Stored records:
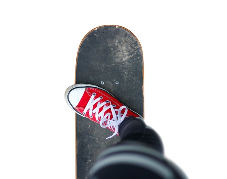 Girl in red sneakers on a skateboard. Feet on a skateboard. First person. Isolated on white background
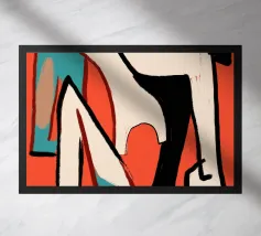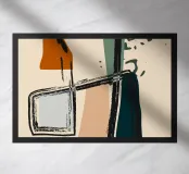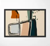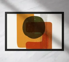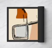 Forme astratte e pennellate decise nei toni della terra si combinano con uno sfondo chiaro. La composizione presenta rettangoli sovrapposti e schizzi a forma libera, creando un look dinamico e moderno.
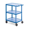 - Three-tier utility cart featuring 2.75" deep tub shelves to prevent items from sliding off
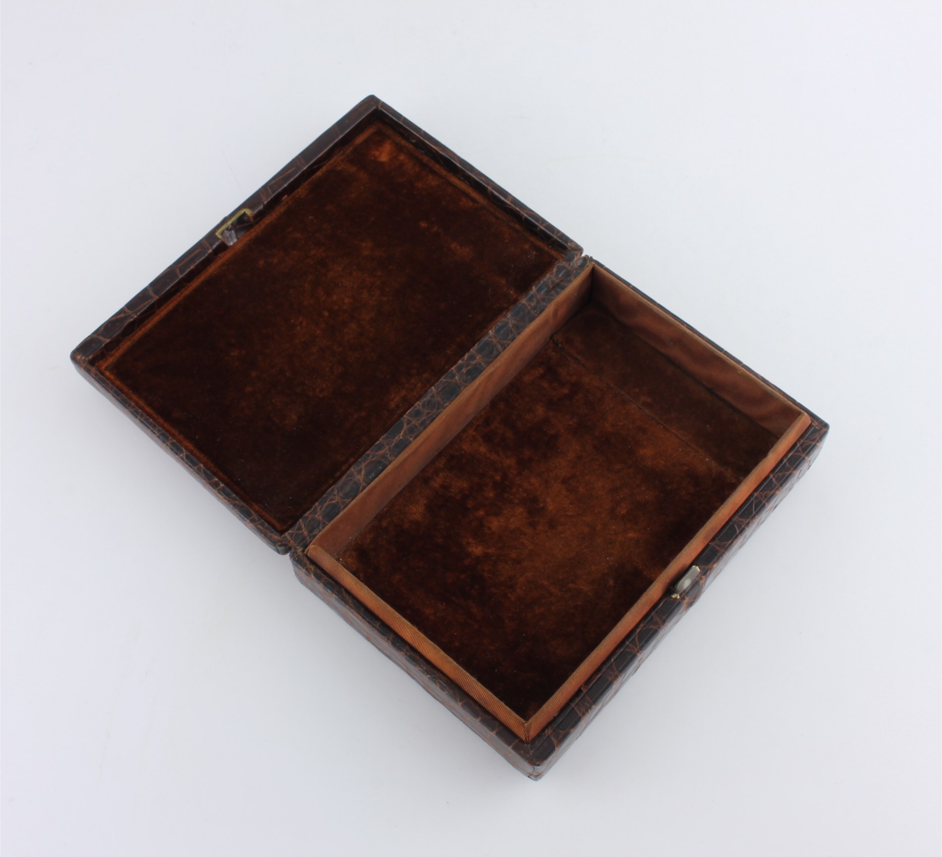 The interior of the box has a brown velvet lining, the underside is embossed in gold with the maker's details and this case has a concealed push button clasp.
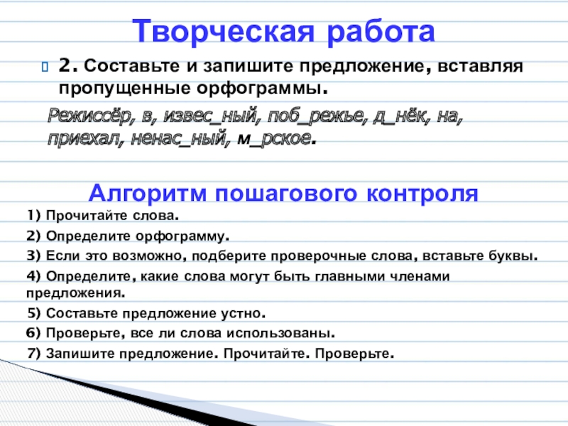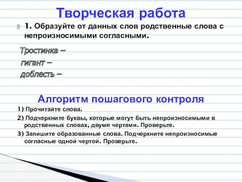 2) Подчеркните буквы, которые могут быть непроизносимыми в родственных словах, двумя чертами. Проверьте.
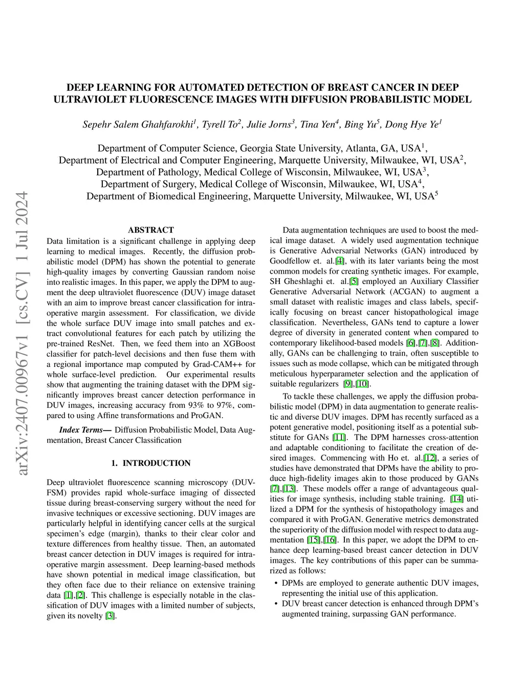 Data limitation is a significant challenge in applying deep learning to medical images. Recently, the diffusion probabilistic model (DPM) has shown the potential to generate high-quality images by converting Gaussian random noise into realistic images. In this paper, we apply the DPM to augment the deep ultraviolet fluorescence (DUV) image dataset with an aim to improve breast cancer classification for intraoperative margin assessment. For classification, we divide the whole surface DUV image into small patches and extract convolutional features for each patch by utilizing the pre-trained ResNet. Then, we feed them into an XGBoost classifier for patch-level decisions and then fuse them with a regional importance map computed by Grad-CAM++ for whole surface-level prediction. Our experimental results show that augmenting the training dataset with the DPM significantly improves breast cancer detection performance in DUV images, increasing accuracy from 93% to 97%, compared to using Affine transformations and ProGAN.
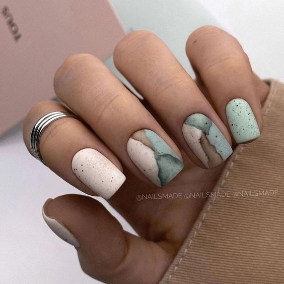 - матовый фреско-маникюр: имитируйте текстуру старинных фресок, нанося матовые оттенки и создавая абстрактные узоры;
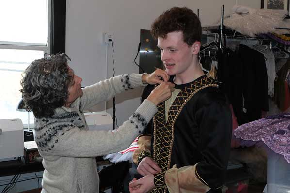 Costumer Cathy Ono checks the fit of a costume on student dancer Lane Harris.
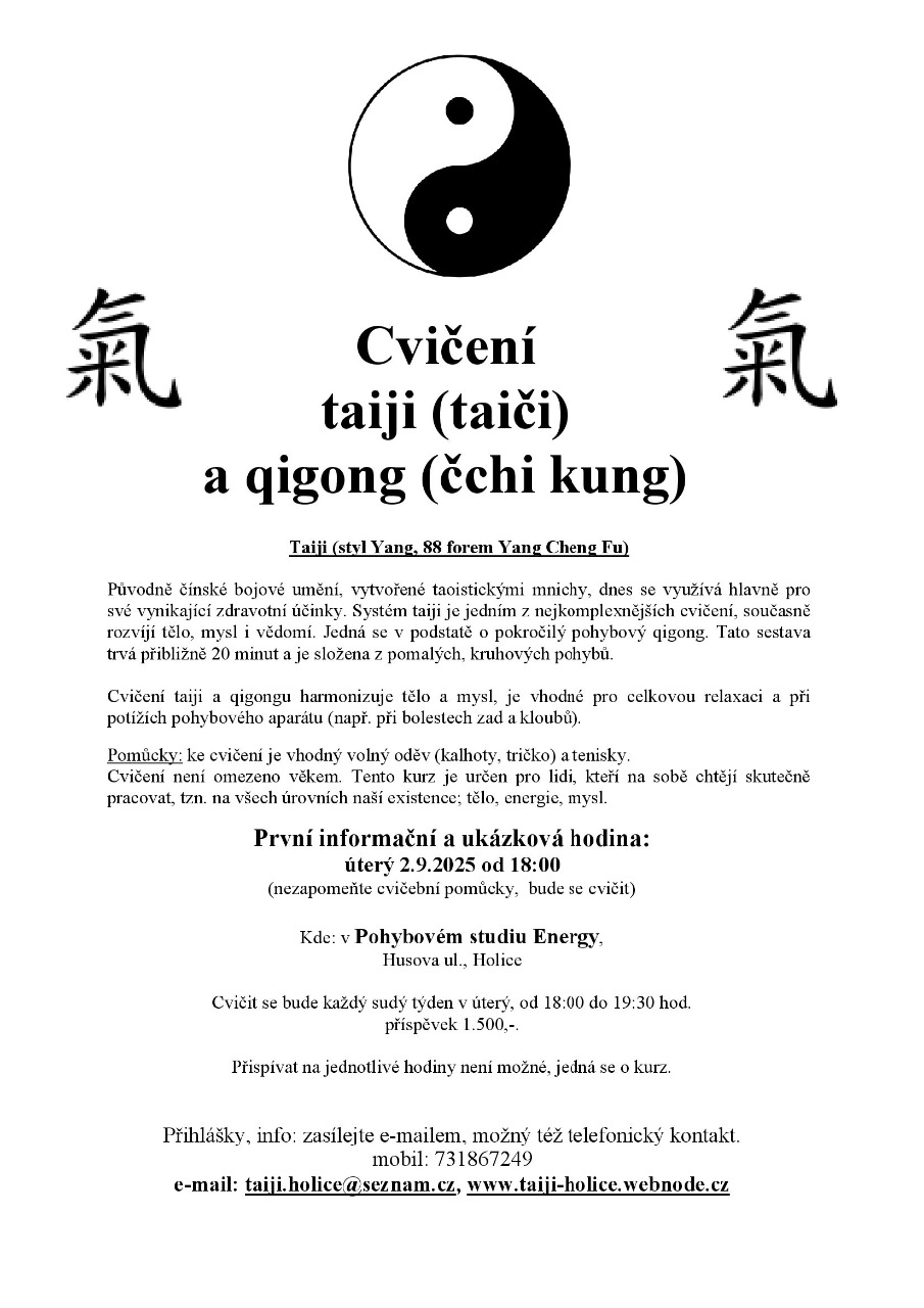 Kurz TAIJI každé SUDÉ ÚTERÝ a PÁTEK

§ Exercise
From the records above, give again only the part that opens with the line containing "- Three-tier utility" and closes with the line containing "2) Подчеркните буквы, которые". Keep both ends but drop the pictures.

§ Answer area
 - Three-tier utility cart featuring 2.75" deep tub shelves to prevent items from sliding off
 The interior of the box has a brown velvet lining, the underside is embossed in gold with the maker's details and this case has a concealed push button clasp.
 2) Подчеркните буквы, которые могут быть непроизносимыми в родственных словах, двумя чертами. Проверьте.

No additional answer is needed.